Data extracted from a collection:
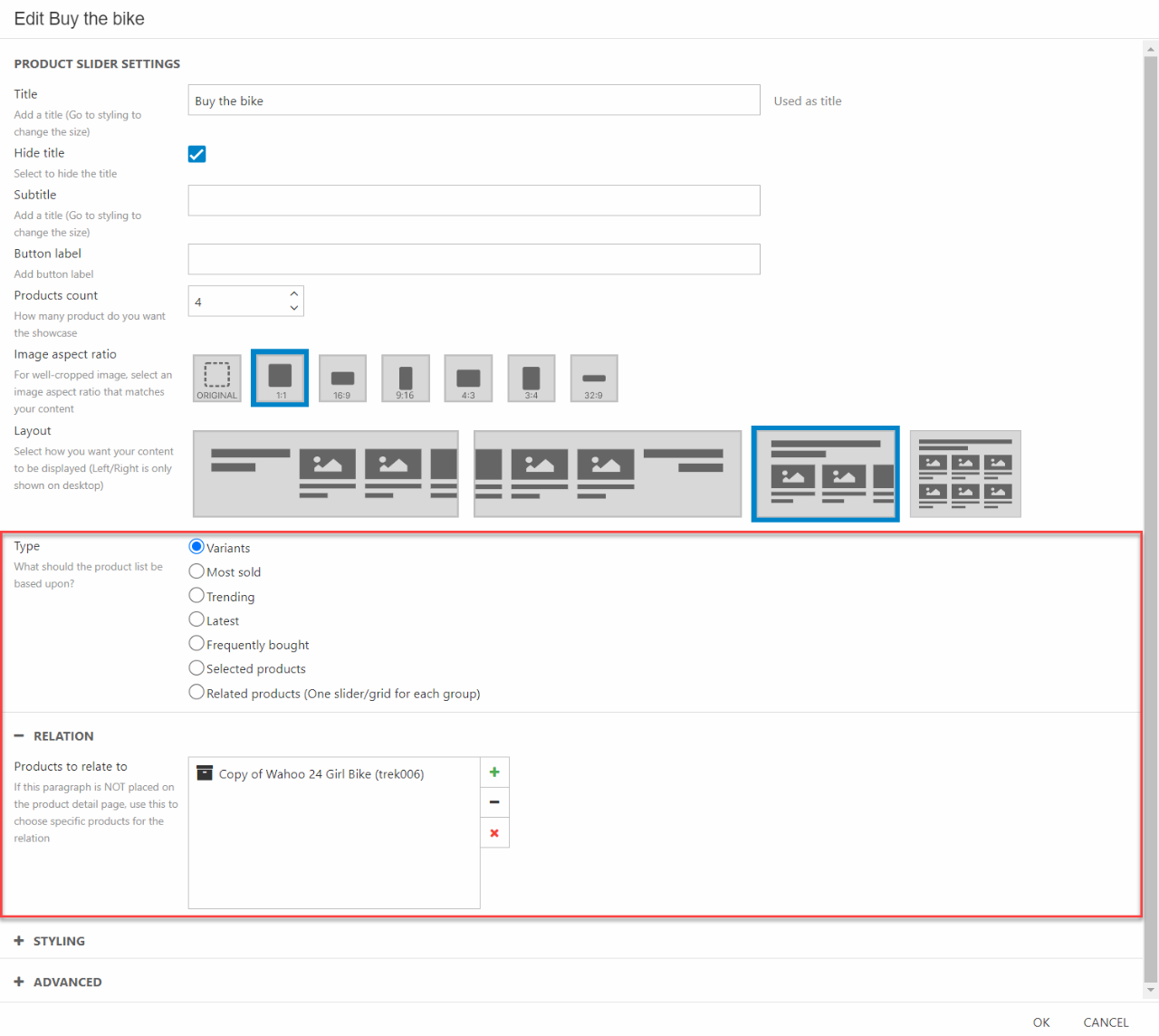 Again, to break the article into smaller pieces, we’ve placed a product slider. Depending on what kind of user story you’re writing you can pick what products to display. If it’s a story about a specific product, like a mountain bike, you could choose to display variants of the same bike (color, sizes, etc). Besides variants you can choose to display specifically selected products, related products or products based on criteria such as most sold, trending, latest, and frequently bought. In this example we’ve displayed variants of the bike used in the story. To do that, you have to toggle Variants in the “Type” section and choose the product to show variants of in the “Relation” section (Figure 14.3).
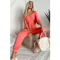Tired Eyes Short Sleeve Slouchy Jumpsuit (Coral) Medium
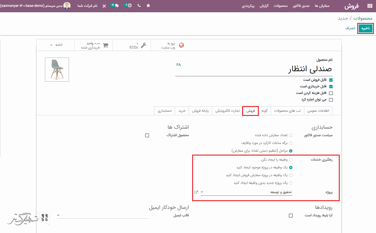 در تب فروش ، رهگیری خدمات را بر اساس "یک وظیفه در پروژه موجود ایجاد کنید" انتخاب نمایید، پروژه مربوطه را در فیلد پروژه انتخاب کرده و سپس بر روی دکمه "ذخیره" کلیک کنید:
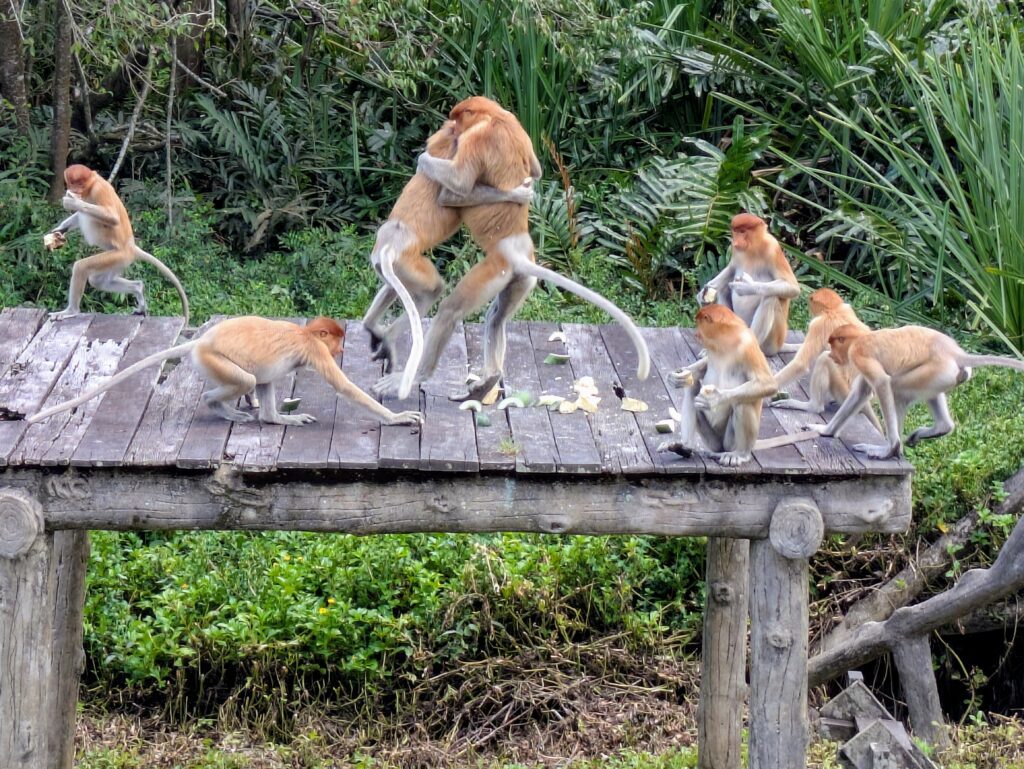 Anyway, there were around 14 monkeys – as a young boy counted and exclaimed this number. The staff brought out the food- a little late 0935. It was cut up bread (not the fruit and veg that was given to the Orangutans). The Alpha male proceeded to sit right in the middle of the platform and hoarded much of the bread. Other monkeys skittered about wherever the Alpha let them go. Some of the ‘tweens’ or moms would dart about into the Alphas cache and get verbally reprimanded with a kind of “hiss” sound. The Proboscis Monkey has a very distinct, different kind of “honking” sound. I know they aren’t geese or ducks, but if you just heard them without seeing them… Anyway, as we were watching, a female dropped her baby! It fell to the ground from the platform about 5 feet. A big gasp of disbelief came out from us onlookers. Then another female ran and snatched up the baby and carried it off. The female who had been holding the baby, looked down, but kept on eating as if nothing had happened. I can’t believe this was the mom – it offends my sensibilities.
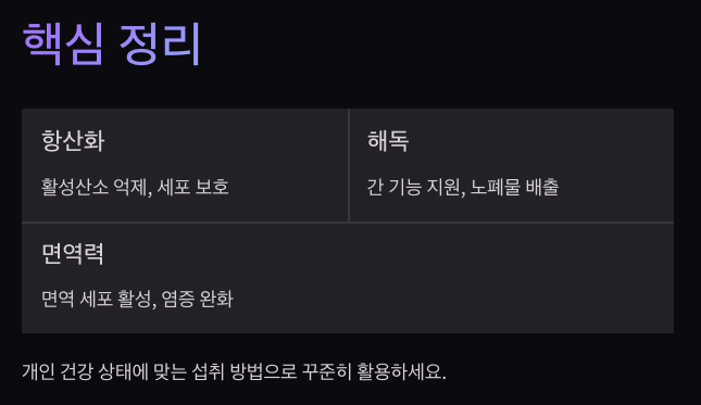 A. 항산화 작용, 해독 작용, 면역력 강화 등이 대표적으로 알려져 있습니다.
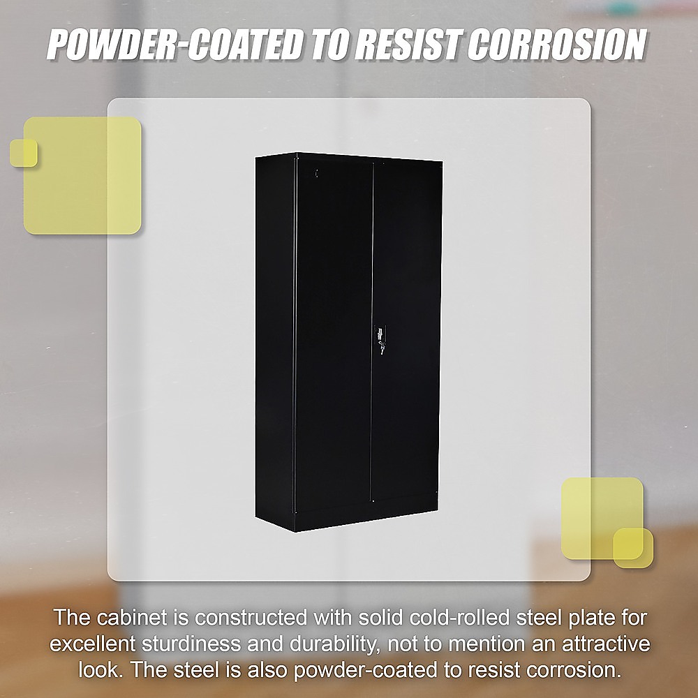 This two-door lockable file cabinet offers a versatile storage solution suitable for home or office use. It features multiple shelves with varying heights, providing ample space for organizing documents and other items. Constructed from durable steel with a powder-coated finish, it combines sturdiness with resistance to corrosion. The cabinet includes a lock and key for added security and is designed for easy assembly.

• [Activity] Each entry is to be returned as it stands, and each picture is to be left out.

• [Result]
 Again, to break the article into smaller pieces, we’ve placed a product slider. Depending on what kind of user story you’re writing you can pick what products to display. If it’s a story about a specific product, like a mountain bike, you could choose to display variants of the same bike (color, sizes, etc). Besides variants you can choose to display specifically selected products, related products or products based on criteria such as most sold, trending, latest, and frequently bought. In this example we’ve displayed variants of the bike used in the story. To do that, you have to toggle Variants in the “Type” section and choose the product to show variants of in the “Relation” section (Figure 14.3).
Tired Eyes Short Sleeve Slouchy Jumpsuit (Coral) Medium
 در تب فروش ، رهگیری خدمات را بر اساس "یک وظیفه در پروژه موجود ایجاد کنید" انتخاب نمایید، پروژه مربوطه را در فیلد پروژه انتخاب کرده و سپس بر روی دکمه "ذخیره" کلیک کنید:
 Anyway, there were around 14 monkeys – as a young boy counted and exclaimed this number. The staff brought out the food- a little late 0935. It was cut up bread (not the fruit and veg that was given to the Orangutans). The Alpha male proceeded to sit right in the middle of the platform and hoarded much of the bread. Other monkeys skittered about wherever the Alpha let them go. Some of the ‘tweens’ or moms would dart about into the Alphas cache and get verbally reprimanded with a kind of “hiss” sound. The Proboscis Monkey has a very distinct, different kind of “honking” sound. I know they aren’t geese or ducks, but if you just heard them without seeing them… Anyway, as we were watching, a female dropped her baby! It fell to the ground from the platform about 5 feet. A big gasp of disbelief came out from us onlookers. Then another female ran and snatched up the baby and carried it off. The female who had been holding the baby, looked down, but kept on eating as if nothing had happened. I can’t believe this was the mom – it offends my sensibilities.
 A. 항산화 작용, 해독 작용, 면역력 강화 등이 대표적으로 알려져 있습니다.
 This two-door lockable file cabinet offers a versatile storage solution suitable for home or office use. It features multiple shelves with varying heights, providing ample space for organizing documents and other items. Constructed from durable steel with a powder-coated finish, it combines sturdiness with resistance to corrosion. The cabinet includes a lock and key for added security and is designed for easy assembly.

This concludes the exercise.